TINA — TypeDeterminator Identifier & Nomenclature Assistant
A visual document classification system that identifies Energy Performance Certificates (EPCs) and their country of origin.
Overview
TINA is a lightweight computer vision module designed to classify scanned PDF documents and detect Energy Performance Certificates (EPCs) by country (Germany, France, Austria). Unlike traditional OCR-based approaches, it relies entirely on visual structure recognition, making it robust to noisy scans and multilingual content.
Approach
The module processes PDFs as images, extracting layout-based features using a pretrained CNN. It then matches each document to known EPC templates through visual similarity and country-specific validation.

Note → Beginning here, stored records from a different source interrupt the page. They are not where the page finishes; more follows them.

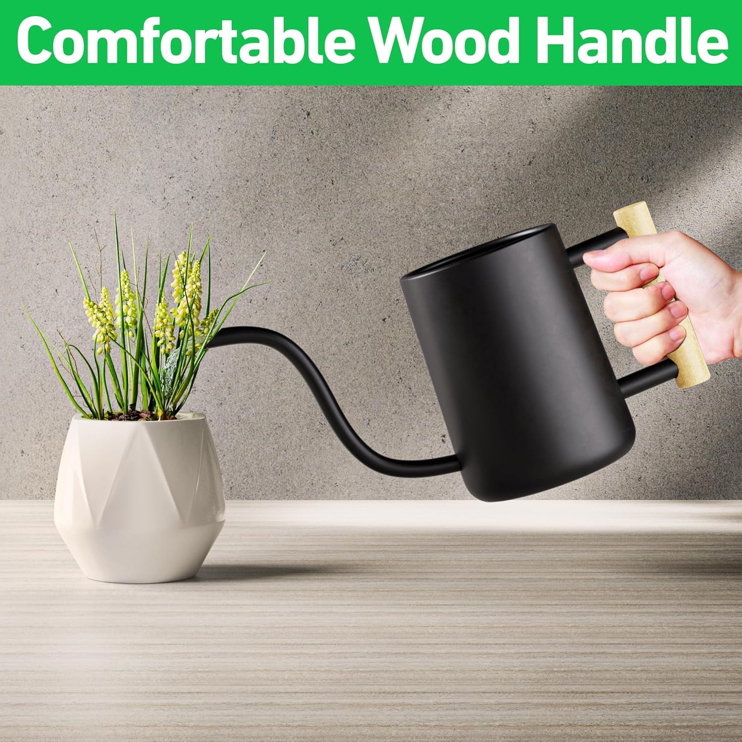 - COMFORTABLE WOODEN HANDLE - Unlike other watering cans for indoor plants which use thin, hard to hold metal handles, this gooseneck watering can has a thick, natural wood handle that is easy to hold and won't slip out of your grip. Make watering your houseplants easy and enjoyable!
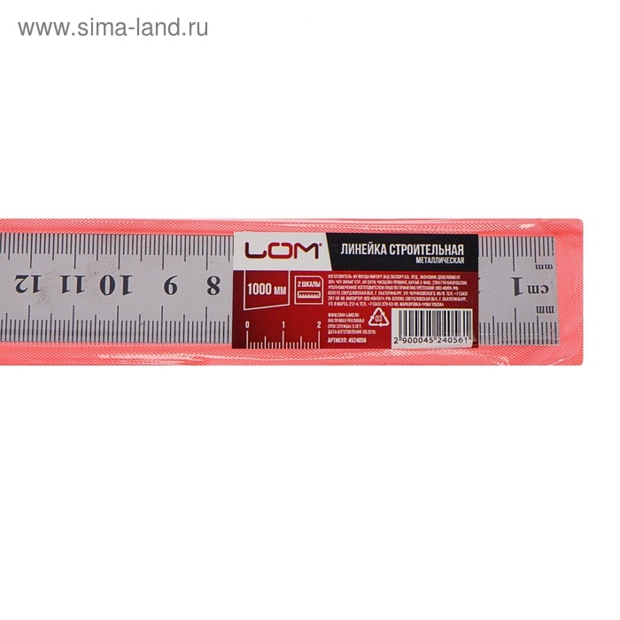 Линейка измерительная ЛОМ, металлическая, 1000 мм
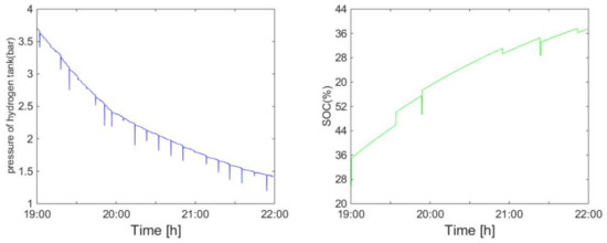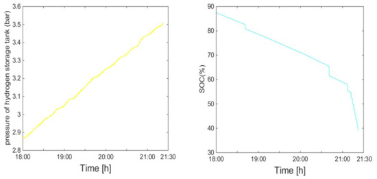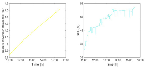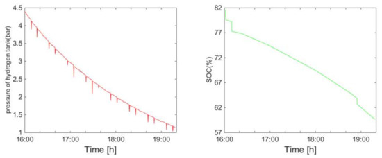 The pressure of the hydrogen storage tank and the state of charge are shown in Figure 24. The trend of hydrogen flow is consistent with that of the output power of the fuel cell. The pressure of the hydrogen storage tank decreases from 3.6 to 1.4 bar. The state of charge increases from 20% to 47%.
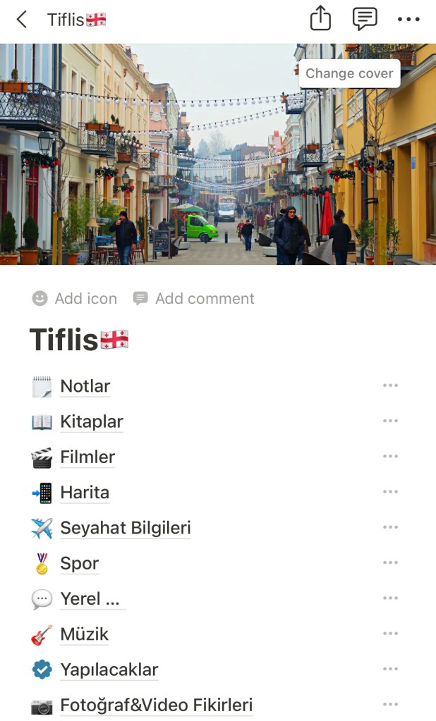 Genellikle her yılın aralık ve mart ayları için bir yurt dışı seyahati planı oluşturmaya çalışırız. Yer belirlerken dikkat ettiğimiz bazı noktalar var: Üç- dört günlük seyahat olmalı, ağırlıklı olarak hafta sonuna doğru olmalı ve en önemlisi şehir yürüyerek gezilebilmeli. Aralık ayı için bir diğer önemli nokta ise Noel zamanına rast getirilerek şehri daha canlı bir şekilde ışıl ışılken ziyaret edebilmektir. Bu sene için bu kriterleri göz önüne aldığımızda öne çıkan yer Tiflis oldu. Dört günlük bir seyahat olacak şekilde uçak biletlerini birkaç ay öncesinden aldık. En önemli adım gidilecek yerin adını koymak. Çünkü sonrası için yapılacaklar benim seyahat etme motivasyonumun zaten ta kendisidir. Bunu doğrudan bu gezi üzerinden açıklamaya çalışacağım. Biletler alındıktan hemen sonra bilgisayarım, tabletim ve telefonumda ortak bulut tabanını kullanan not uygulamam “Notion” üzerinden içeriği alttaki görselde olan yeni bir sayfa oluştururum.
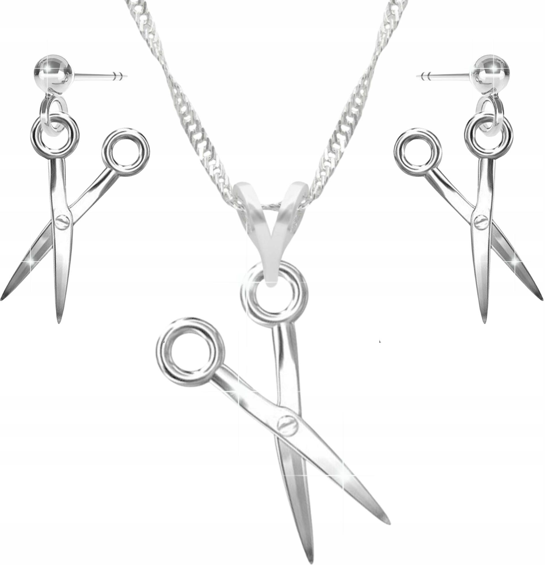 Larezo Zestaw Naszyjnik + Kolczyki na Sztyftcie Srebrne Nożyczki Nożyce srebro 925 Czchów

The output is a structured JSON summary used for automated routing within backend systems.
Key Highlights
- Visual-based classification replacing fragile OCR/text-based pipelines.
- Lightweight CNN feature extraction for scalable, high-throughput inference.
- Country-specific validation through handcrafted visual cues.
- Cross-platform deployment with API integration.
My Role
- Designed and implemented the full visual classification pipeline.
- Integrated pretrained CNNs for feature extraction and similarity scoring.
- Developed modular country-level detectors using OpenCV and scikit-learn.
- Engineered API integration and optimized for production deployment.
Impact
- Significantly improved classification accuracy and robustness.
- Reduced false positives in noisy and multilingual EPC documents.
- Delivered a modular, production-ready component adaptable to new formats.
Learnings
- Applied computer vision for document layout analysis.
- Balanced model performance with deployment efficiency.
- Strengthened practical skills in Python, TensorFlow, and OpenCV.